Fall 2012 • Issue 45, page 1

An Amazing Couple of (Supreme Court) Terms

By Chemerinsky, Erwin*

It is an amazing couple of years in the Supreme Court. It is hard to think of any two years in which the Court has had before it so many cases that affect not only key areas of the law, but also all of us, often in the most important and intimate aspects of our lives.

On June 25, in Arizona v. United States, the Supreme Court struck down key provisions of Arizona’s restrictive immigration law, SB 1070. The Court invalidated provisions which required that non-citizens carry papers with them at all times documenting their immigration status, that prohibited those not lawfully in the United States from apply for or receiving employment in Arizona, and which allowed police to arrest without warrants those who were suspected of being deportable. The Court emphatically ruled that immigration is in the exclusive control of the federal government and that such state efforts to regulate immigration are preempted by federal law.

On June 28, in National Federation of Independent Business, the Court upheld the key provisions of the Patient Protection and Affordable Care Act. Most importantly, the Court held that the centerpiece of the Act, the individual mandate, was constitutional as an exercise of Congress’s power to tax and spend for the general welfare. The individual mandate requires that by 2014 individuals either have to purchase health insurance or pay a tax penalty. Chief Justice Roberts, writing for the Court, explained that the individual mandate was effectively a tax: individuals either had to buy insurance or pay 1% of their income or $95. In 2015, this becomes 2% of their income or $235. The funds are collected by the Internal Revenue Service in its regular tax collection operations and go the federal treasury. The four dissenting justices would have struck down the entire 2,700 page statute, but instead virtually all of it was upheld.

During October Term 2011, there were no bankruptcy cases of the magnitude of Stern v. Marshall. But two bankruptcy cases were decided. In RadLAX Gateway Hotel, LLC v. Amalgamated Bank (2012), the Court unanimously held that Debtors may not obtain confirmation of a Chapter 11 cramdown plan that provides for the sale of collateral free and clear of the bank's lien, but does not permit the bank to credit-bid at the sale. Debtors filed for bankruptcy and sought to sell assets to repay funds owed to a bank, but without allowing the bank to bid on these assets. The Court ruled, though, that debtors could not prevent this practice, which is known as credit bidding.

In Hall v. United States (2012), the Court held that capital gains tax liability arising from postpetition sale of debtors’ farmland was not tax liability “incurred by the estate” under Chapter 12. Therefore, the federal government could impose and collect the taxes.
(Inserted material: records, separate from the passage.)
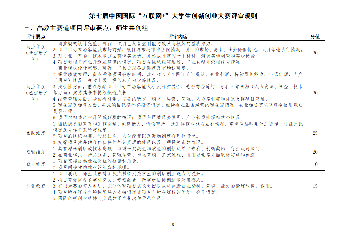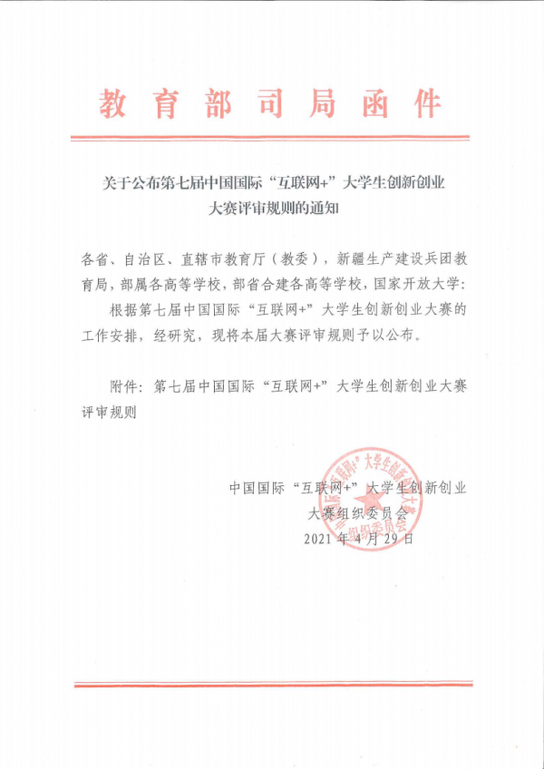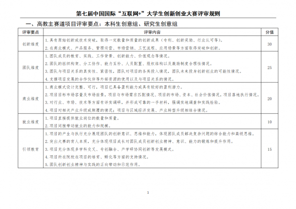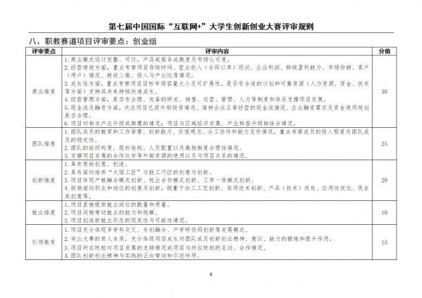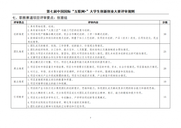 “互联网+”大赛| 关于公布第七届中国国际“互联网+”大学生创新创业大赛评审规则的通知
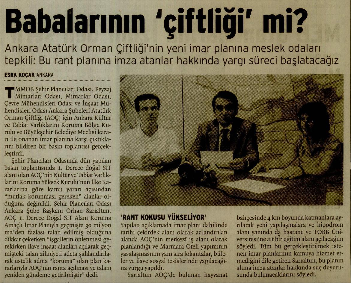 Ankara Büyükşehir Belediyesi ve Koruma Kurulunun el biriliğiyle onaylamış olduğu "Atatürk Orman Çiftliği 1. Derece Doğal Sit Alanı Koruma Amaçlı İmar Planı" adını taşıyan bu planda geçmişte 30 Milyon m2 den daha fazlası talan edilmiş olan AOÇ alanın üstündeki işgallerin önlenmesi ve tasfiyesi beklenirken, ilave inşaat alanları açılarak geçmişteki talan zihniyeti adeta şahlandırılarak üstelik adı "KORUMA " olan plan kararlarıyla AOÇnin ranta açılması ve talanı yeniden gündeme getirilmiştir.
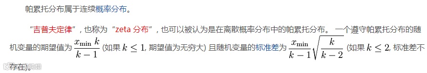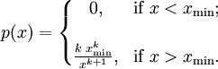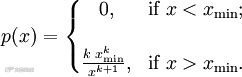 在帕累托分布中,如果X是一个随机变量, 则X的概率分布如下面的公式所示:

Interestingly, this was a 5-4 decision, with the key difference between the majority and the dissent over whether to focus on the plain language of the statute (as preferred by the majority) or its purpose (as preferred by the dissent).

This term, on October 1, the Supreme Court heard oral arguments in Kiobel v. Dutch Petroleum, as to whether corporations can be sued under the Alien Tort Statute for international human rights violations occurring in foreign countries. On October 10, the Court heard arguments in Fisher v. University of Texas, Austin, as to whether colleges and universities may continue to use race as a factor in admissions decisions to benefit minorities and advance diversity. This decision could be crucial in determining the racial composition of American universities for years to come.

It is expected that in the weeks to come the Court will grant review and then decide this term whether Section 5 of the Voting Rights Act is constitutional. Section 5 requires that the Attorney General approve changes in election systems in states with a history of race discrimination in voting. In Shelby County v. Alabama, the Court is being asked to consider whether Congress had the power to extend this provision for 25 years.

And it is widely predicted that this term the Supreme Court will decide whether there is a right to marriage equality for gays and lesbians. Already there are two cases presenting the issue to the Court. In Department of Health and Human Services v. Massachusetts, the Court is being asked to consider the constitutionality of section 3 of the federal Defense of Marriage Act, which provides that for purposes of federal law and benefits marriage must be between a man and a woman. The United States Court of Appeals for the First Circuit declared this provision unconstitutional and it is expected that the Supreme Court will grant review as it almost always hears cases when a federal law has been declared unconstitutional.

In Hollingsworth v. Perry, the Court is being asked to review the decision of the United States Court of Appeals for the Ninth Circuit which invalidated California’s Proposition 8, which amended the California Constitution to provide that marriage must be between a man and a woman. The Ninth Circuit’s ruling was limited only to California. It said that once the California Supreme Court extended the right to marry same sex and opposite sex couples, to take it away from only same sex couples lacked a legitimate purpose and violated equal protection.

Long ago, Alexis de Toqueville wrote in Democracy in America that there is scarcely any issue in the United States that does not sooner or later come before the courts. Neither he nor the framers of the Constitution could imagine the extent to which that is true today.

*Erwin Chemerinsky is Dean and Distinguished Professor of Law at University of California, Irvine School of Law.